Bile and urine proteomic analysis enabled identification of specific peptides and the generation of classifiers that show a highly significant association, especially in combined bile and urine proteome analysis. This is further depicted to patient overall survival. By combining in silico protease prediction, network cluster analysis and a systematic literature survey, the CCA-specific bile and urinary peptides can be linked to the underlying pathophysiology. This resulted in the hypothesis that resident innate immune cells such as mast and stromal cells may be responsible for specific changes in the proteolytic environment associated with CCA progression.
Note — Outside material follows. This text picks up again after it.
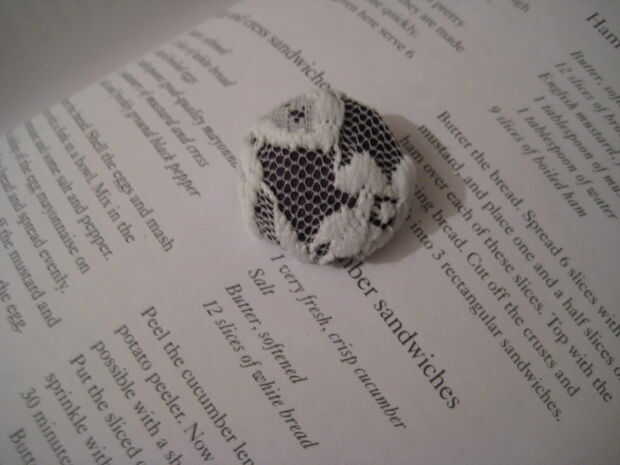 Pruebe a cortar una forma de mini y apliques en tela antes el botón de la cubierta.
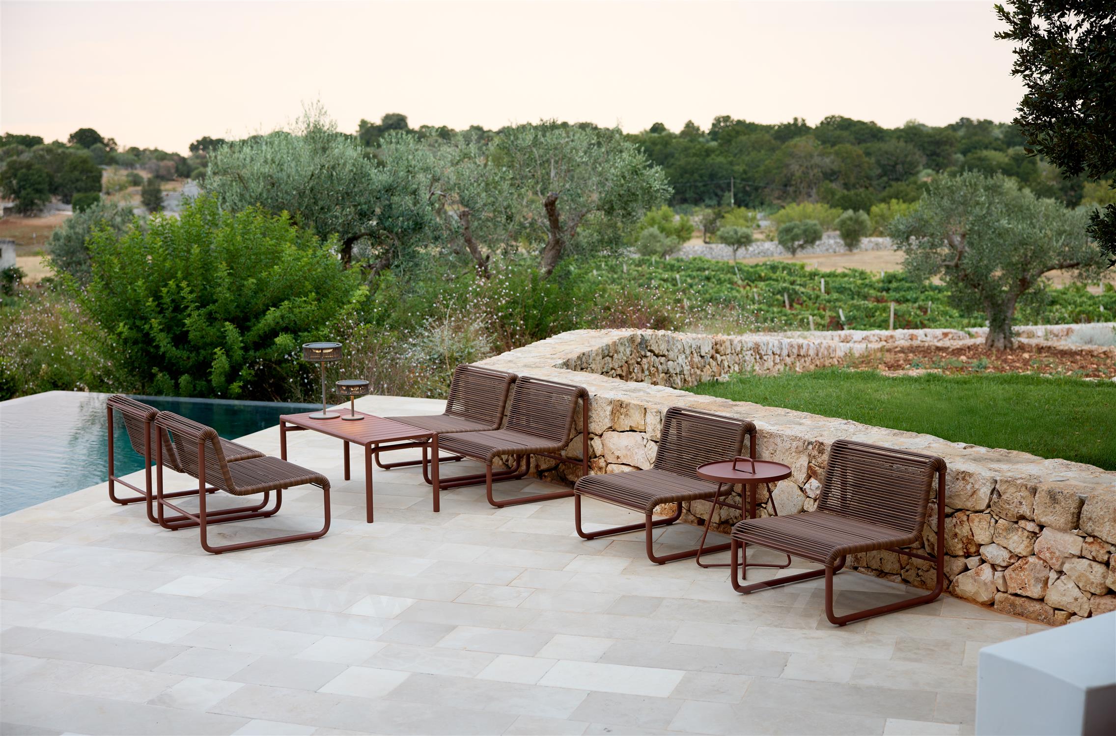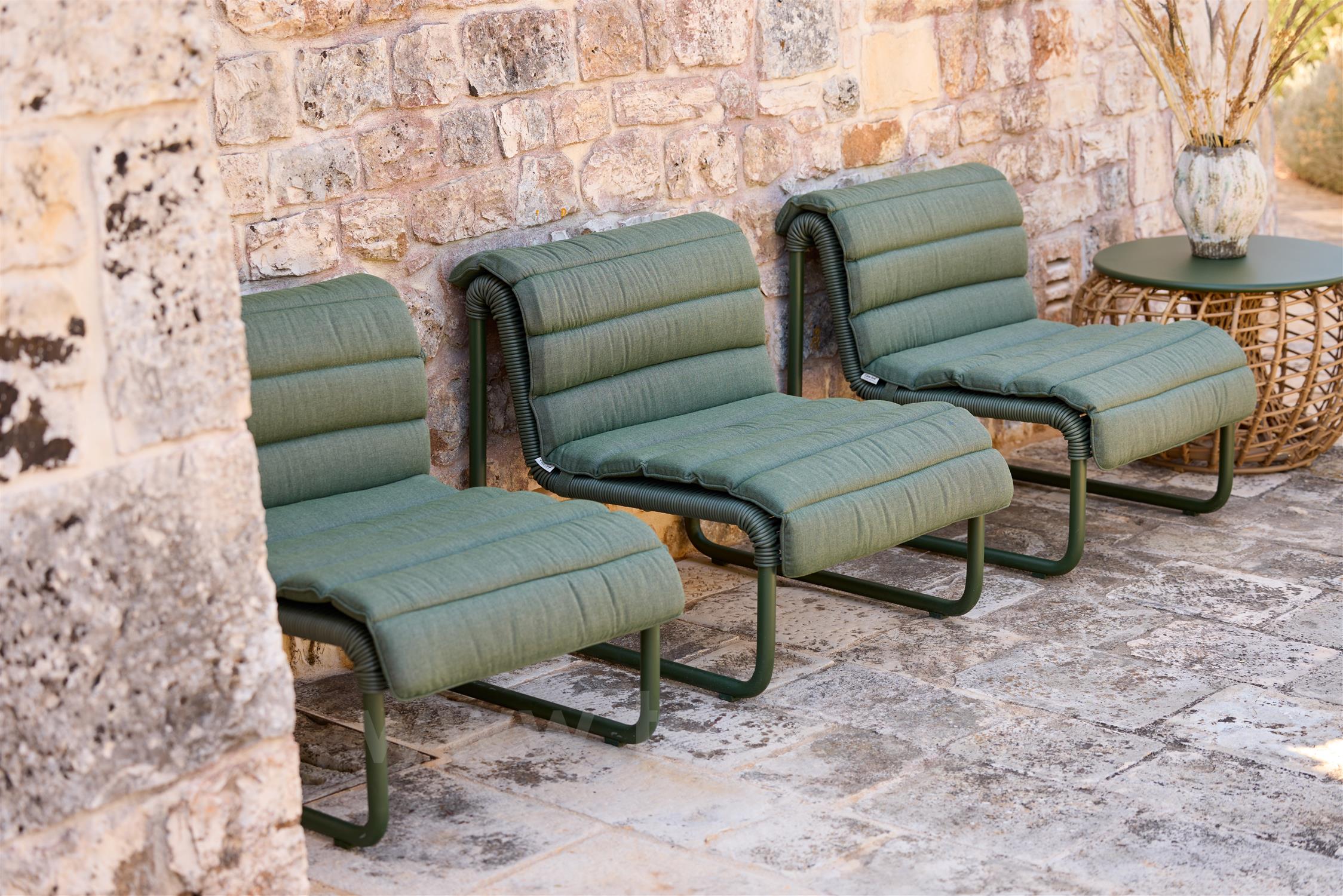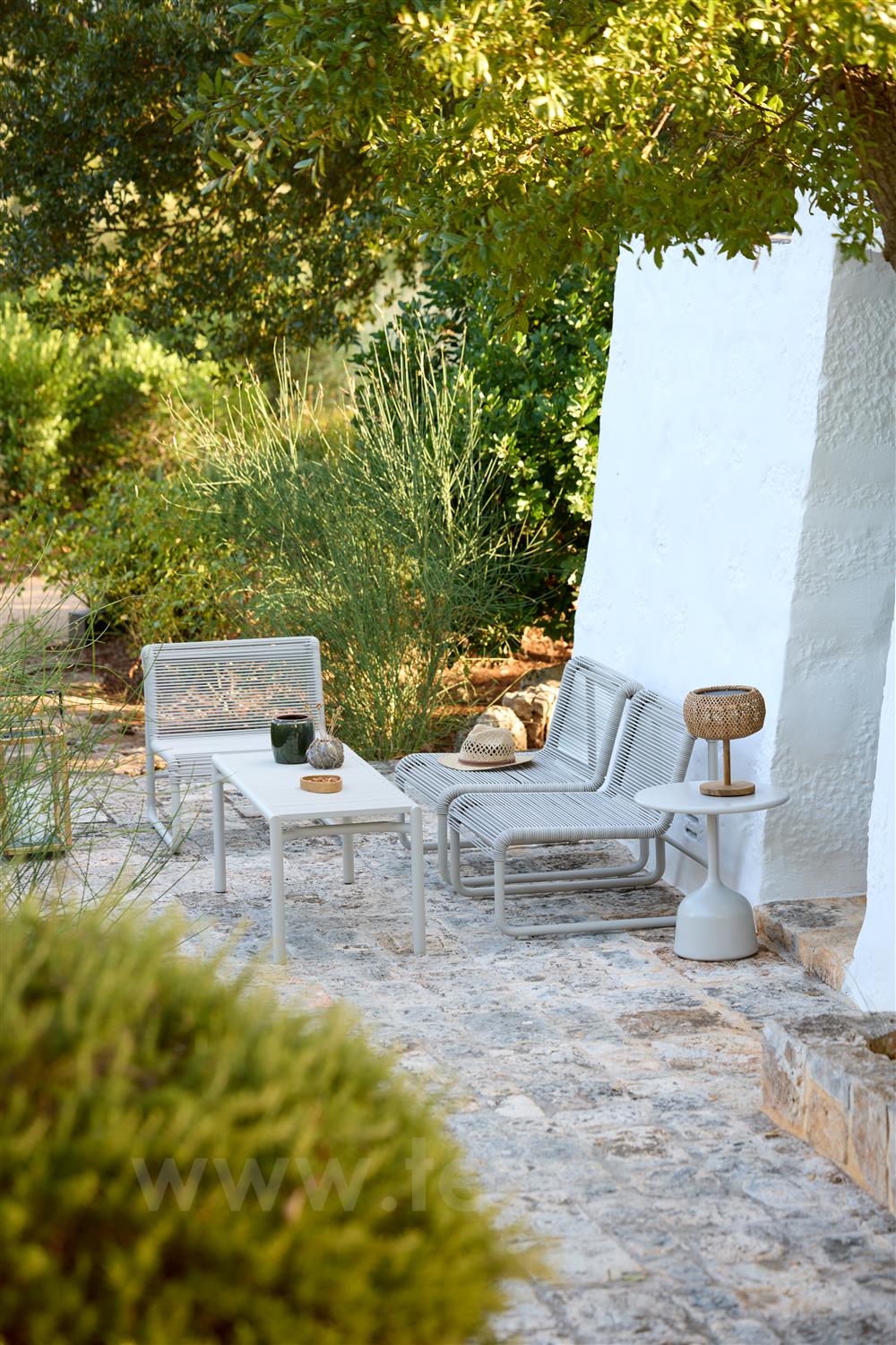 Kolekce Al Dente spojuje hravou lehkost s precizní konstrukcí. Elegantní lakový výplet dodává nábytku vzdušnost, strukturu a vizuální lehkost. Kontrast mezi lankovým výpletem a pevnou, práškově lakovanou hliníkovou konstrukcí vytváří harmonickou rovnováhu mezi lehkostí a stabilitou. Kolekce je navržena pro venkovní použití, nabízí vysoký komfort, dlouhou životnost a nadčasový design.

The mast cell-specific CMA1 and the stromal cell-derived KLK4, KLK6 and ADAMTS4 proteases were predicted to be associated with the peptides included in the bile and urine peptide marker pattern for CCA. The release of proteases, ECM components, inflammatory cytokines, proangiogenic and vasoactive factors into the circulation provides a way how local changes in the tumor microenvironment results in systemic manifestation of CCA progression, possibly even at early stages. The results provide a rationale for the observed excellent performance of urine proteome analysis for non-invasive CCA monitoring of risk patients or together with bile proteome analysis for a more accurate CCA diagnosis at the date of endoscopy.